Sharapova could serve up a surprise against Serena
With her service much improved, Sharapova could buck form guide
Another day of reckoning looms for Maria Sharapova when she takes on long-time nemesis Serena Williams in the Australian Open quarter-finals, but the Russian can at least head into the match with her serve running hot.
Runner-up to Williams last year, Sharapova booked a rematch against the American with a hard-fought 7-5, 7-5 win over Swiss young gun Belinda Bencic in the early match on Rod Laver Arena yesterday.
Hampered by a number of surgeries on her right shoulder since 2009, Sharapova's serve has rarely proved the difference in tight matches, but her 21 aces were vital in fending off 12th seed Bencic, touted as a future Grand Slam winner.
The richly talented 18-year-old had a number of chances to break Sharapova in the second set, but the five-time Grand Slam champion's serve repeatedly sprung her from jail.
The 28-year-old leads the tournament with 52 aces, some distance from Williams' 25, although the American has had to use her serving arm less to reach the quarter-finals.
"I feel like that's something I have been working on a lot since I had shoulder surgery," Sharapova said, after her win.

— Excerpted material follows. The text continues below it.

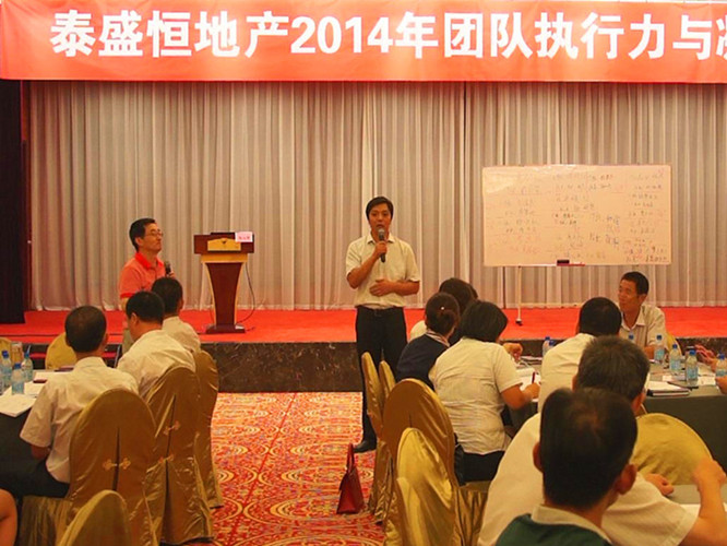 8月16日,伴隨著熱烈的掌聲,泰盛恒地產(chǎn)開展的《打造房地產(chǎn)團(tuán)隊(duì)卓越執(zhí)行力與凝聚力》培訓(xùn)在臨沂賓館二樓會(huì)議室舉行,華鵬集團(tuán)人員、地產(chǎn)全員、啟翔全員、港信裝飾公司、鴻豐園林公司、中匯地產(chǎn)等單位相關(guān)領(lǐng)導(dǎo)和員工代表共170余人參加了培訓(xùn)。公司特邀北京華夏基石管理咨詢集團(tuán)高級(jí)顧問涂山青擔(dān)任講師。
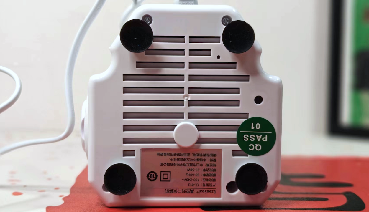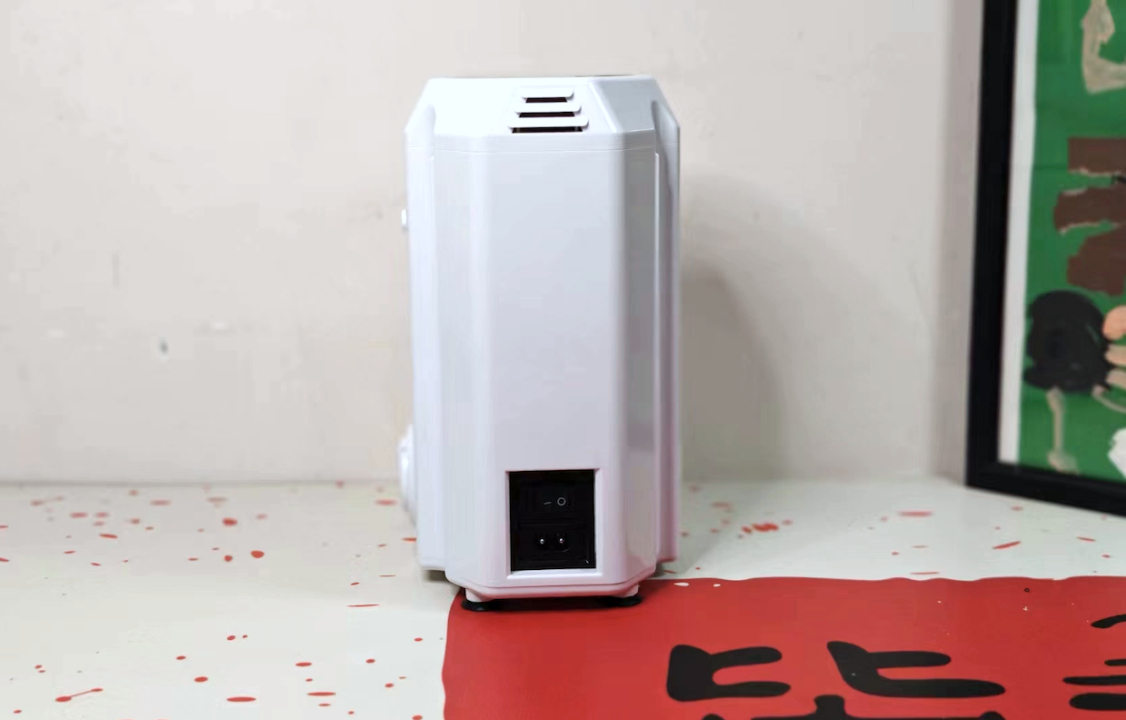插电和电源开关都在背部,机器带有自动断电保护,如果超过15min不使用则会自动关机,安全性有保障。

"I have gone through many different motions to try to find my groove again and something that would hold up over many matches.
"That was something that was really difficult to find a rhythm and a balance between keeping the shoulder, not going back so much, because I'm quite loose, to a motion that kind of gave me the chance to play many matches and feel like I was still not able not to be tired after three, four tough matches.
"So, yeah, I have made a little bit of a change last year in the stance, but everyone always tries to improve things here and there. It's not that big of a deal."
Williams, the world No. 1, comfortably accounted for Russian Margarita Gasparyan 6-2, 6-1 later.
The victory for the 34-year-old, who is seeking a seventh Australian Open title and 22nd Grand Slam trophy, could not have been in sharper contrast to that of Sharapova, who sealed her place in the eagerly anticipated quarter-final in two hours and five minutes.
Williams swept aside Sharapova's Russian compatriot in 55 minutes.
Williams has spent a total of just 2hr 39min on court since beating Italy's Camila Giorgi in the first round and sounded a coded warning to Sharapova ahead of their clash.
"I just feel like I'm really confident in my game right now, not against her or against any other opponent," Williams said.
"I feel if I can just continue to play well, then it could be good."
Williams has not lost to Sharapova since 2004, a run of 17 successive victories, and holds an 18-2 career record overall against the Russian.
"The person who's winning could definitely feel the pressure because there is a lot of expectations," Williams said.
"The person who is losing (could think) 'well, I have lost X amount in a row; I don't have anything to lose'.
"But, in this situation, I don't have anything to lose because I'm just here.
"Every tournament for me is just a bonus at this point in my career."
After losing to Williams 6-3, 7-6 (7/5) in the final last year, Sharapova said she felt close to breaking the biggest hoodoo in women's tennis, but a 6-2, 6-4 defeat in the semi-finals of Wimbledon showed the chasm was as wide as ever.
"It's not like I think about what I can do worse," said Sharapova, when asked what she could do to snap the streak.
"You're always trying to improve. It's only going to be tougher, especially against Serena." - Reuters.
BY THE NUMBERS
Serena Williams has won the last 17 matches between the two players.
Maria Sharapova has not managed to win a set in their last six meetings.